Pourtant, même cet aveu – que les États-Unis ont été informés à l’avance – soulève de sérieux doutes. Washington a-t-il approuvé ou coordonné l’opération à huis clos ? Ou Israël a-t-il agi de manière indépendante, exploitant le silence des États-Unis comme un consentement tacite ? Le sénateur Chris Murphy a proposé une interprétation accablante :

L’attaque d’Israël contre l’Iran, clairement destinée à faire échouer les négociations de l’administration Trump avec l’Iran, risque de provoquer une guerre régionale qui sera probablement catastrophique pour l’Amérique et constitue une nouvelle preuve du peu de respect que les puissances mondiales – y compris nos propres alliés – ont pour le président Trump.

Cette explication semble toutefois fallacieuse. Comme le souligne le journaliste Glenn Greenwald :

Si Trump avait voulu arrêter l’attaque israélienne contre l’Iran, il aurait pu le faire facilement. Israël dépend de l’argent des travailleurs américains, des bombes provenant des stocks américains et des promesses de protection militaire américaine. Il est impossible d’imaginer qu’Israël fasse cela sans s’attendre clairement à une protection militaire américaine.

En fait, Trump lui-même s’est vanté ‘davoir frappé l’Iran parce qu’il « ne respectait pas » son ultimatum. Bien qu’il puisse s’agir d’une simple fanfaronnade destinée à sauver les apparences, cela concorde avec les rapports selon lesquels les États-Unis ont contribué à induire l’Iran en erreur avant l’assaut.
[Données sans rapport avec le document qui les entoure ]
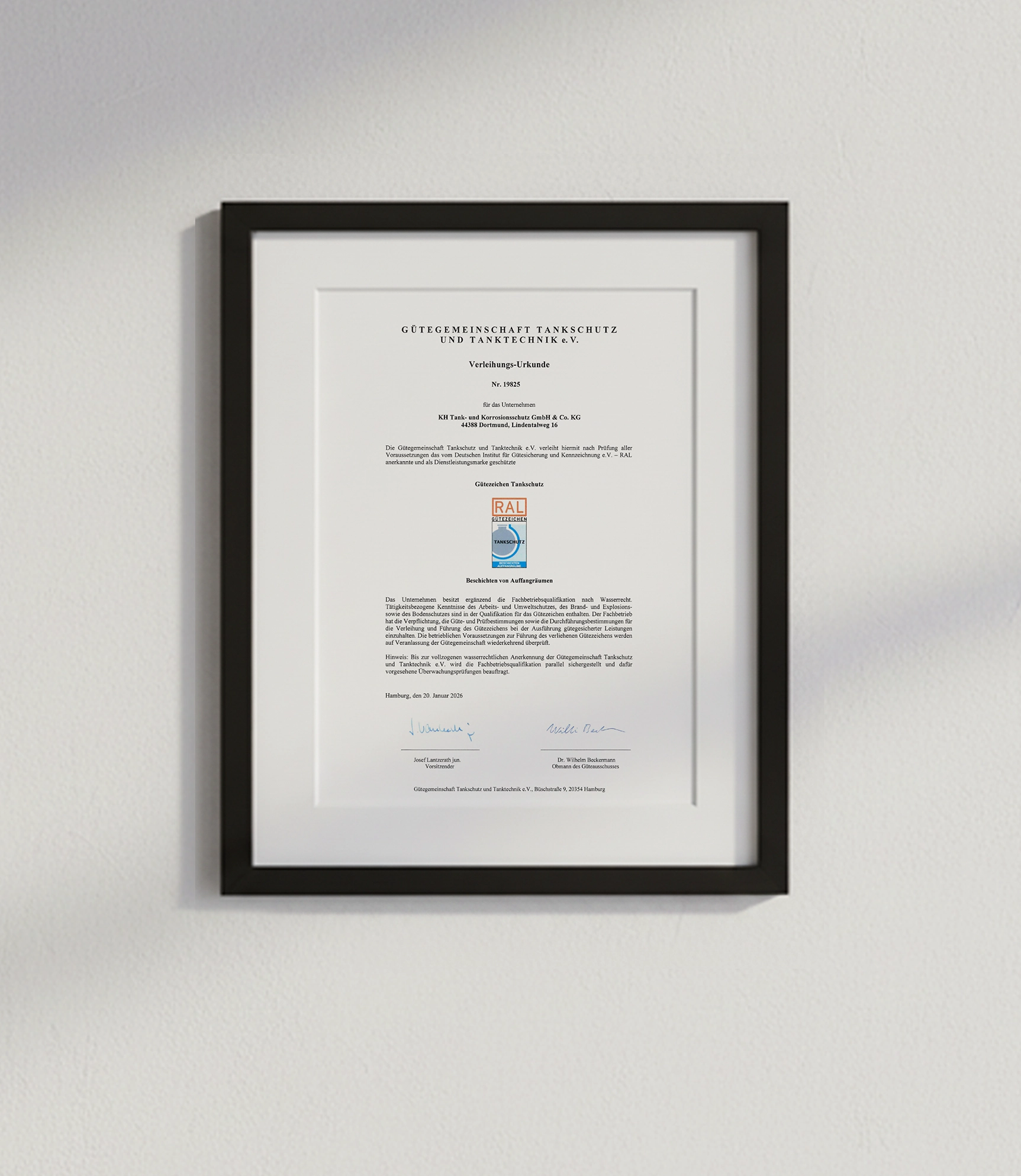 Das RAL-Gütezeichen für Tankinnenbeschichtung steht für geprüfte Qualität, Sicherheit und Langlebigkeit. Es bestätigt, dass Tankinnenbeschichtungen fachgerecht nach anerkannten Regeln der Technik ausgeführt werden und einen zuverlässigen Schutz vor Korrosion sowie vor dem Austritt wassergefährdender Stoffe bieten.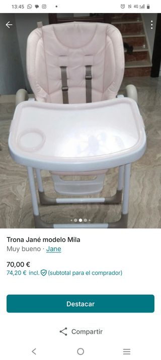 Trona Jané modelo Mila en muy buen estado. - Color: Rosa pálido. - Incluye bandeja. - Arnés de seguridad de 5 puntos.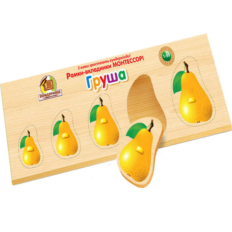 Рамка-вкладыш "Груша" снабжена удобными выступами, за которые малыш сможет брать фигурки. Играть с такой игрушкой можно под руководством взрослого или самостоятельно. Игра понятна на интуитивном уровне, без объяснений. Расставляя фигурки по местам, малыш учится различать предметы по величине, ощупывая их – он тренирует мелкую моторику пальчиков. Рамка-вкладыш "Груша" - это комплексная игрушка для развития самых разных способностей: логического мышления, интуиции, глазомера и так далее.

Selon le Times of Israel, « les États-Unis ont participé à une vaste campagne visant à faire croire à l’Iran qu’une attaque n’allait pas se produire immédiatement ».

Si c’est le cas, il s’agit d’une collusion active et non d’une simple complicité.

La question qui se pose encore est la suivante : qui fixe l’agenda stratégique ? Les néoconservateurs américains utilisent-ils Israël comme fer de lance de leurs propres plans de longue date visant à remodeler le Moyen-Orient et à éliminer le régime iranien, et dans quelle mesure Trump partage-t-il ces objectifs ? Ou bien le lobby israélien conduit-il la politique américaine vers la guerre – même, peut-être, contre la volonté de Trump ?

Quoi qu’il en soit, une chose est désormais claire : avec cette attaque, Israël – et, par extension, les États-Unis – a fait faire au monde un pas de plus vers la catastrophe.